İkinci bakış açıma göre de; “başarının sonuçlarına katlanmak, başarısızlığın sonuçlarına katlanmaktan daha zordur” inancımdır ki bu kaçınılmazdır. Artık çıta yükselmiştir. Yıllık bütçe yapılırken, hem DeDaPlus desteğinin hep olamayacağı ve hem de hedeflerin 3-4 kat yükselen değerlerle, bu değerlerin rakiplerce de hedeflendiği yıkıcı rekabetin koşulları düşündürücü olacaktır. Çünkü DeDaPlus bu çabalarıyla “balık tutmayı öğretmiş“tir. Bundan böyle Orçin ve Mustafa’nın “etkili haftalık programları“nda benzer çalışmalar çeşitlenerek yer alacaktır. İşte bu nedenle Adana ve Gaziantep örnekleriyle birlikte Bahar Bayramı’nı Mersin’de kutlamanın ayrı bir anlamı olacaktır. Umutlarım daha da artıyor.

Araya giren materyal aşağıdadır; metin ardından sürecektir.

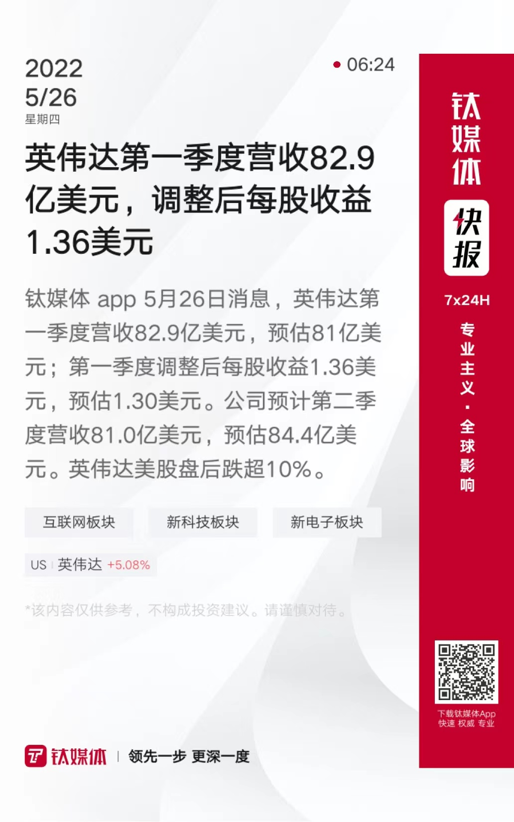 英伟达第一季度营收82.9亿美元,调整后每股收益1.36美元
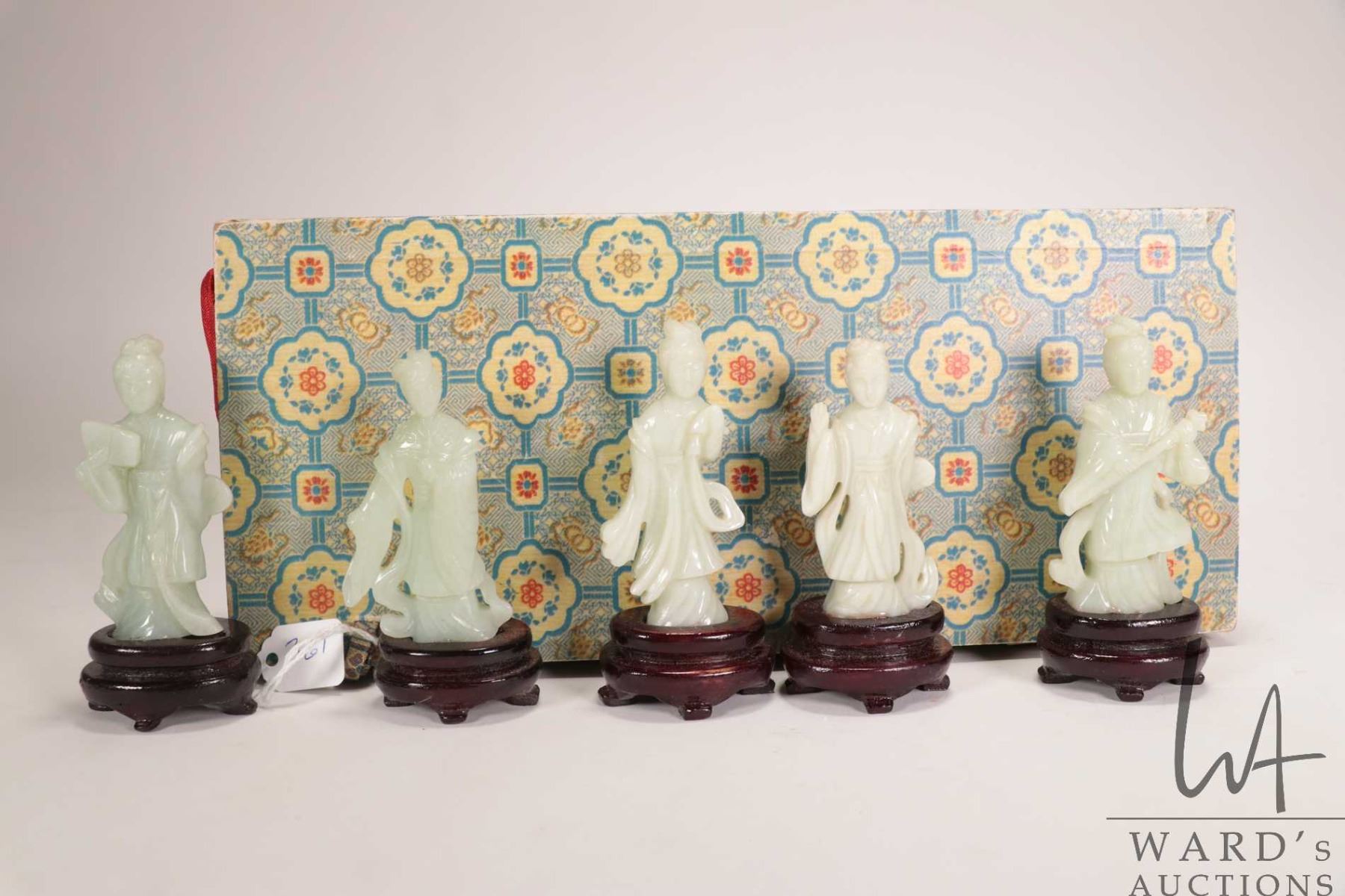 Lot 361 Five jade like carved Chinese figures in fitted box
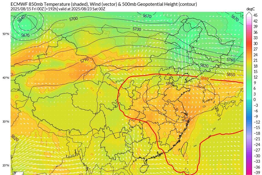 从最新的数值预报来看,本轮高温的持续时间会比较久,一直到25号副高依旧非常强大,588位势区将控制我国中东部的大部地区,591位势区也牢牢控制着黄淮、江淮、江汉等地,黄河以南大部地区都将以闷热的桑拿天为主。不过目前看23号前后北方有一股冷空气渗透南下,有望在底层击穿北方的副高,让华北大部、黄淮中北部气温出现明显下降,结束高温。而南方的副高依然还是铁桶一个,如果没有明显台风影响,高温怕是要持续到9月了。
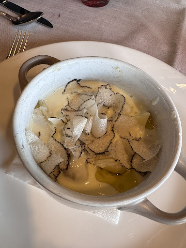 Trovato il nuovo posto del cuore! Ci è stato consigliato da un amica quindi ci siamo fidate, ed abbiamo fatto benissimo! La location è fantastica e con vista sulle montagne, peccato non aver richiesto un tavolo che dava sulla vista. Ambiente curato, personale professionale , premuroso e cortese. Menu molto vasto ( forse anche troppo). Io ho preso come antipasto le patate cotte sotto cenere con fonduta di branzi e tartufo , un equilibrio di sapori pazzesco, impossibile trovare un difetto. Come primo i canederli alle erbe selvatiche di montagna, non è un piatto che ordinerei di nuovo per mio gusto personale, ma anch’esso era saporito, e molto equilibrato nonostante gli ingredienti poveri e pochi e questo è da apprezzare, perché in pochi cuochi hanno l’abilità di fare dei piatti di alto livello con ingredienti poveri e semplici, richiamandoli più volte nel piatto in diverse consistenze. Il dolce ( cheesecake ) anch’esso sublime , leggero, non grasso e formaggioso, l’unico difetto che ho trovato in tutto il menù che ho degustato, l’ho trovato qui, la frutta non era frutta di stagione, quindi magari prediligerei quella di stagione, e il biscotto lo avrei preferito più croccante come nella vera cheesecake, si sentiva poco la consistenza e il sapore del biscotto appunto. Ma comunque un dolce davvero fatto bene! Torneró sicuramente. Prezzi più alti della media ma giustificati dall’alta qualità della materia prima e dalla location. Apprezzatissimo l’entrèe di benvenuto, e il pre dessert ( cannoncino favoloso) complimenti...
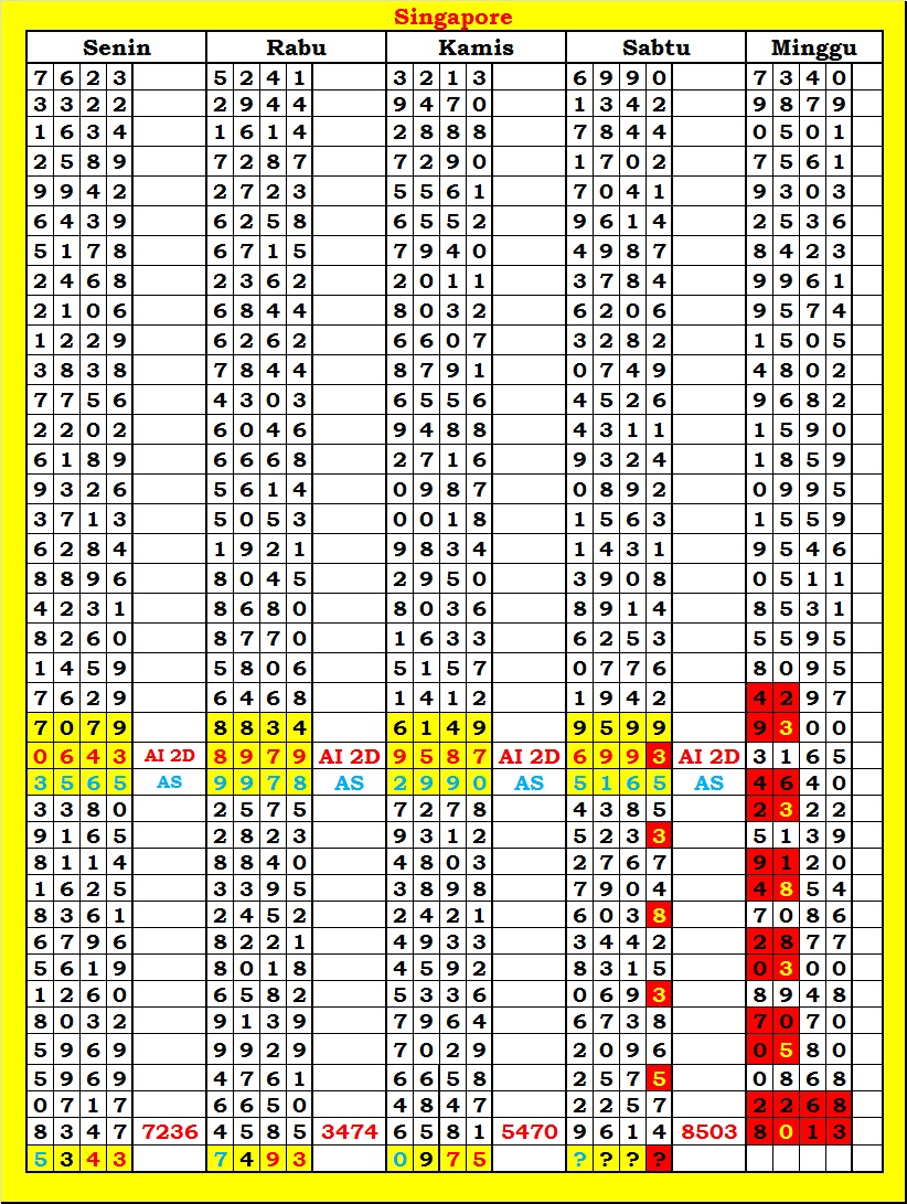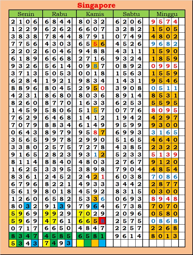MASTER SINGAPURA Senin, 02-03-2026 Merupakan Prediksi Otomatis yang menggabungkan Metode Kalender Togel Dengan Rumus-rumus kontrol yang sudah terbukti keakuratanya.Gunakan Aplikasi Rekap untuk mendapatkan LN TOP. Harap Maklum Jika kadang meleset MASTER SINGAPURA kita. Jadikan ini sebagai perbandingan saja dan tetap UPS

Şimdi yazımın başlığındaki konunun bir başka açılımıyla sözlerimi tamamlamak istiyorum.

NG da “verimlilik standartlarının yükseltilmesi” başlığı altında “ayak izleri” için neler söylenmiş ?

“… Benim karbon ayak izim küçük olsa gerek. Güneş enerjisi panelleriyle aydınlatılan, izolasyonu saman balyalarıyla yapılan bir evde yaşıyorum. Süper verimli bir şohbenle duş alıyor, bulaşıklarımı yıkıyorum. Çeşme’deki evimin bahçesinde yaşayan tavukların yumurtalarını yiyorum. Ama yine de bu durumdan çok hoşnut değilim. Çünkü evden dışarı adım attığım anda ayak izim birkaç numara büyüyor. Alışverişe arabayla gidiyorum; uçağa biniyorum (*)…”

Bu satırlar bana sembolik de olsa insanların yaşamlarını değiştirmelerini istemenin zor olduğunu anlatıyor. Yine de değişim ve gelişimle karbon ayak izleriminin küçülmesi için yapabileceklerim olduğuna ve benzer şekilde iş yaşamımda “kelebek etkisi”ne inanıyorum. Tıpkı 16.10.2008 deki “SynSevSto” ların video kayıtlarında yer alan “hepimiz birer kelebeğiz” sözleri gibi…

Nice DeDaPlus benzeri bütünleşik eylemler içinde olup başarının hazzını hissetmek dileklerimle yolunuz hep aydınlık olsun.

Öykücü

(*): Bunlar dünün gerçekleri ve yarının henüz TOMBUL laştıramadığım hayallerim; özlemlerim. Umutluyum.